Internally, the local action and uses of the subnitrate of bismuth constitute all, or nearly all, that is definitely known respecting it as a remedy. In the stomach it is insoluble, and exerts the same sedative and astringent action as on the skin, whether by affecting the nerves and local installation, or by its mechanical properties, that is, by coating and protecting the mucous surface. Little or no good is to be expected from less than 20 gr. doses of the subnitrate to an adult, and these may be trebled with perfect safety. Bismuth is extensively used in this country in the treatment of pain and vomiting due to catarrh or organic disease of the stomach, such as the gastric catarrh that follows a surfeit of food or alcoholic excess, recurrent gastric ulcer, and cancer; also in some cases of so-called nervous or reflex vomiting, as in pregnancy and hysteria, where a true catarrh is often present. Bismuth may be given alone in such conditions, but is better combined, on the one hand, with alkalies, such as bicarbonate of soda, if there be much actual catarrh; or, on the other hand, with opium, if pain be the chief symptom. A combination of the subnitrate of bismuth and a variable number of grains of Pulvis Ipecacuanhae Compositus is almost a specific for the pain and vomiting of ulcer and malignant disease.
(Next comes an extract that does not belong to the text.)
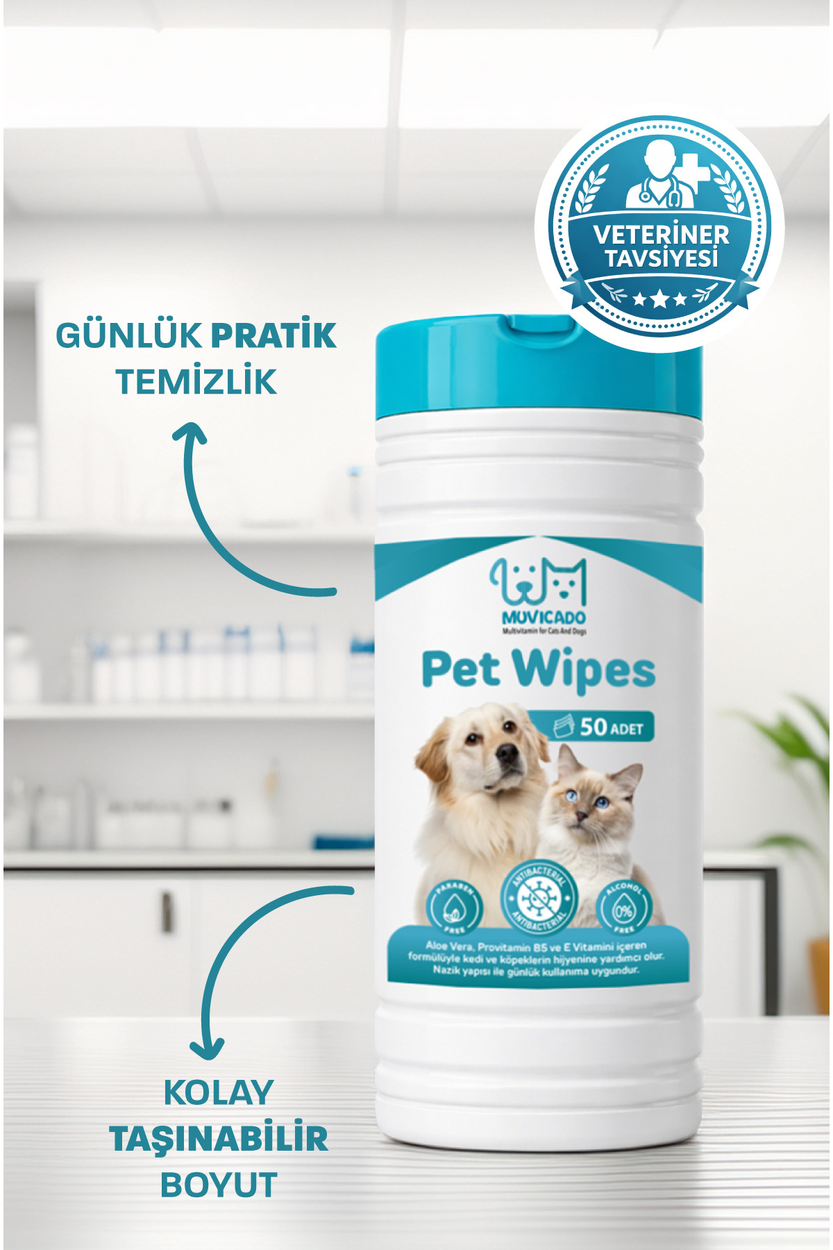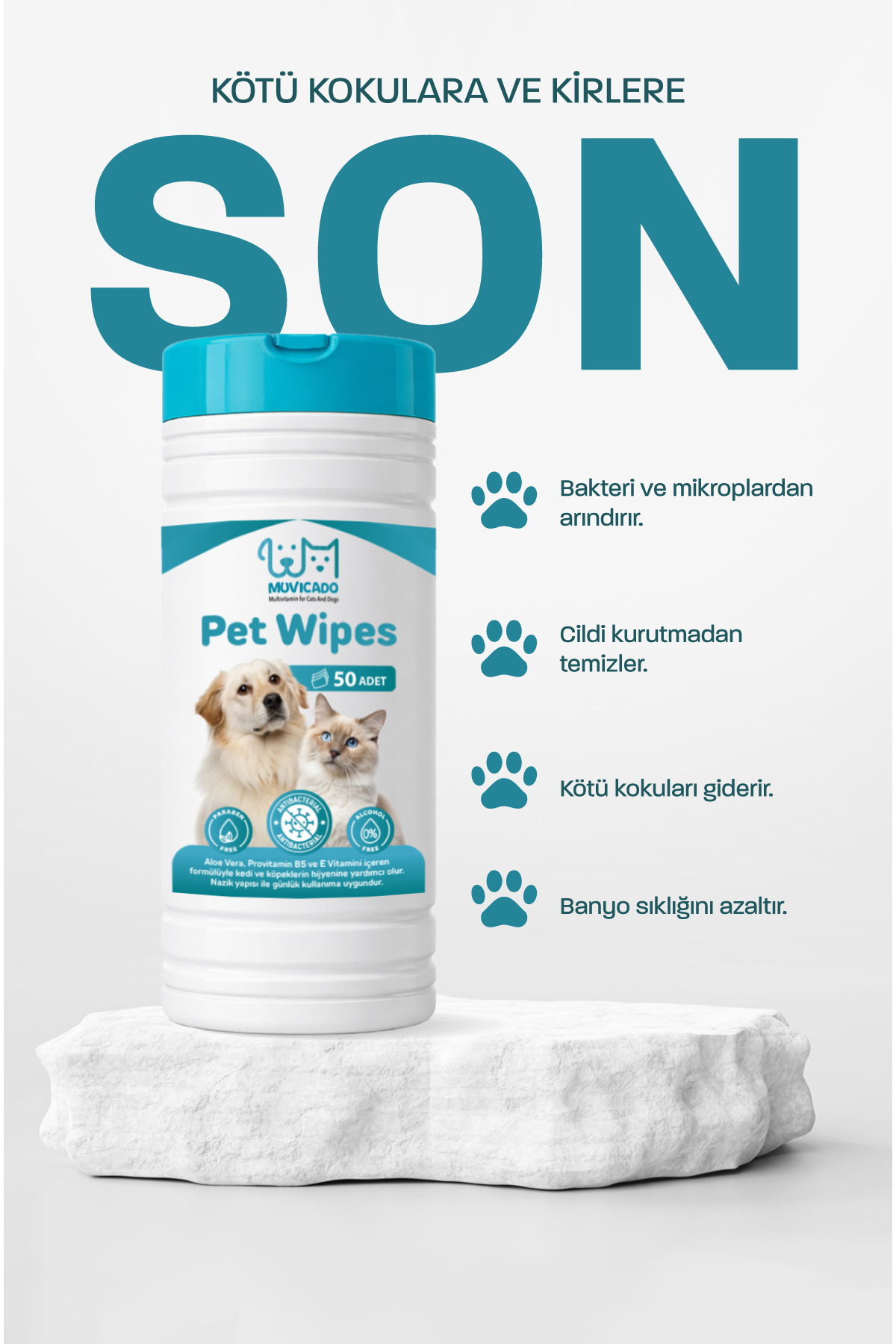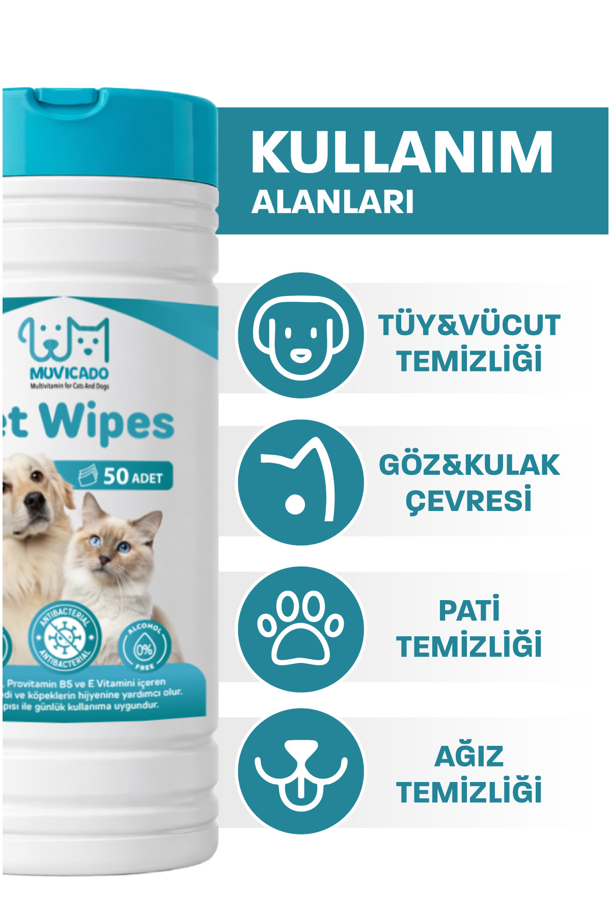 Kedi ve Köpekler İçin Kova Islak Mendil 50 Adet XL Muvicado Temizlik Havlusu, kedi ve köpeklerin günlük bakımını pratik, hijyenik ve nazik hale getirir.

The astringent and sedative influence of bismuth on the intestines constitutes it a valuable remedy for diarrhoea in delicate persons, such as children, phthisical subjects, and those who have been exhausted by other causes. In lienteric diarrhoea, probably referable to duodenal catarrh, it is sometimes invaluable. But in the intestines, as in the stomach, the addition of opium, in however small quantity almost, greatly assists its action, and in persistent cases of diarrhoea is absolutely necessary. The same combination with Dover's powder gives excellent results. Bismuth subnitrate is partly converted into the sulphide in the bowel, which imparts a characteristic leaden-grey colour to the faeces.
Neither the insoluble nor the soluble (but weak) preparations of bismuth enter the blood in any quantity. Still, the metal has been detected, both here and in the tissues.
Bismuth finds its way, but very slowly, through all the organs and tissues; but no specific effect can be traced to its presence, even when it is given in doses of several drachms. The so-called effects of bismuth, of the older authorities, were certainly caused by arsenic combined with it as an impurity.
Bismuth has been found in the urine, and it is said, in the milk. No use is made of its remote influence, if any such exist.